FOMC made no mention of an exit strategy, instead talking about keeping Austin mortgage rates low for an extended period of time

With the FOMC dust settled, a couple of points are worth mentioning.

First up, the FOMC made no mention of an exit strategy, instead talking about keeping Austin mortgage rates low for an extended period of time.

Number two was the statement about continuing the purchase of  Treasuries and MBS and extending the period until the end of Q1, allowing for a wind down period. Seems obvious that they are more concerned about housing and the economy versus inflation and deficits.  One reason for the accommodative policy may be the building inventory due to future delinquency and foreclosures, estimated to be 7 million units.  This is what we call “shadow inventory”, not yet on the books but in the pipeline nonetheless.  That number is huge, representing an entire year of sales.  We shall see.

Speaking of housing, Existing Home Sales hit the tape down 2.7%, well below the expected plus 3.0% figure. 31% of the sales were distressed homes and 30% were first time home buyers.  The 8K stimulus credit has helped to stabilize our industry.  If it expires, chances are good that a “double dip” housing recession would be in the cards.  We believe this gets worked out soon and extended through 2010.

Weekly Unemployment Claims were also released, falling 21k to 530K. Continuing Claims also dropped, off 123K from the previous week.  Nothing huge here as the numbers were probably skewed by the Labor Day holiday.
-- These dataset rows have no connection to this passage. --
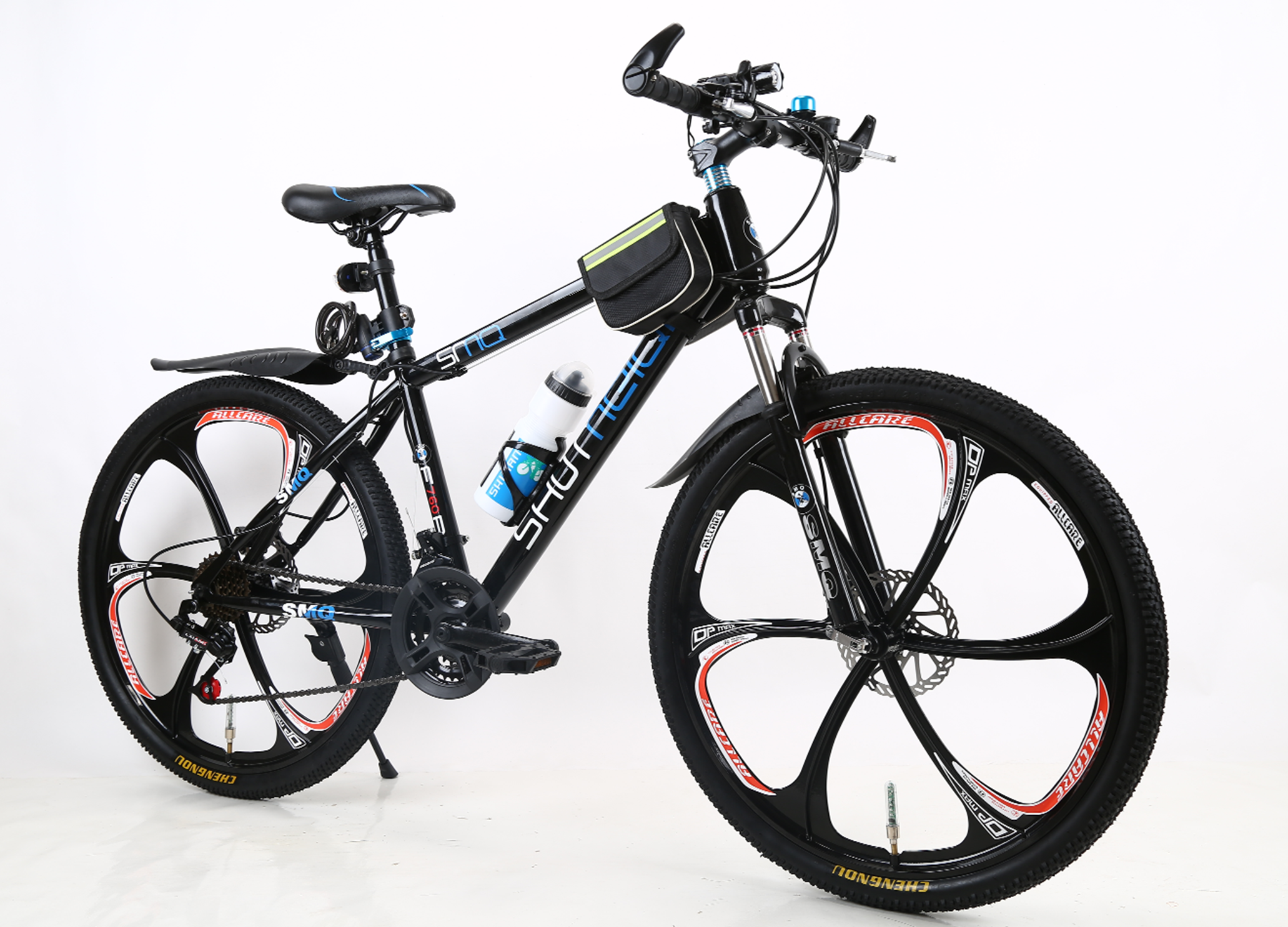 26-inch high carbon steel hard frame, spray-painted inner sticker, front shock absorber, dual disc brakes, magnesium alloy six blades, domestic transmission system (30 finger derailleur and 50 rear derailleur), Hengqi/Huanyu/Jusheng 26×195 tires, lengthened Meizui natural rubber inner tube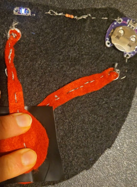 Using felt, aluminium paper and velostat, I created an analog pressure sensor (left picture) and a digital button in the right, without the velostat.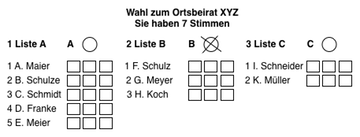 Enthält die Liste weniger Kandidaten als Sitze zu vergeben sind - im Beispiel enthalten alle Listen jeweils weniger als 7 Kandidaten -, so werden die übriggebliebenen Stimmen von oben nach unten als zweite und ggf. als dritte Stimme vergeben, bis alle Stimmen vergeben sind. Im Beispiel oben würden daher bei einem Listenkreuz für Liste B alle drei Kandidaten der Liste 2 zunächst jeweils zwei Stimmen erhalten (damit werden bei drei Kandidaten sechs der sieben Stimmen "verbraucht”). Anschließend entfällt auf Position 1 der Liste die letzte weitere Stimme.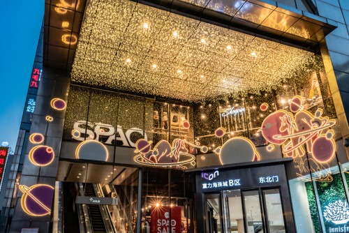 (2019年,夜空彩虹用星星燈為合肥萬象匯所做星空跑道)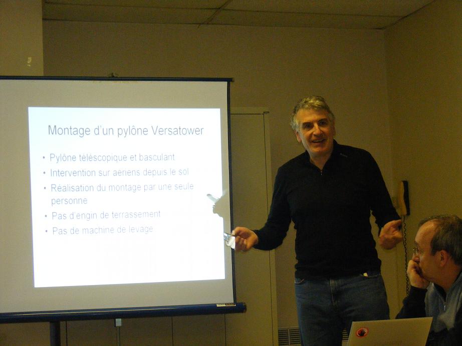 En deuxième partie c’est Jean-Pierre F5OAU qui nous fait part de son expérimentation pour monter le pylône « Versatower » de 12 mètres, télescopique basculant, son montage, sa mise en place réalisés par un OM seul.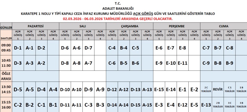 KARATEPE 1 NOLU Y TİPİ KAPALI CEZA İNFAZ KURUMU 02.03.2026 - 06.03.2026 TARİHLERİ ARASI AÇIK GÖRÜŞ TABLOSU

Stocks seem to be looking over their shoulder, off 55 points on the big board.  Seems like everyone expects consolidation due to a lack of fundamental reasons to own them at this level.  We’re waiting to see who blinks first.  Bonds, notes, and MBS are the benefactor of scared money running into safe haven investments (treasuries).  As we speak, the 10 year note is up 8/32’s (yield 3.38%) and MBS up 4/32’s.  For your reference, the 10 year note will need to close at 3.36% or below to extend the rally.  That could be a tough order (without a stock market collapse).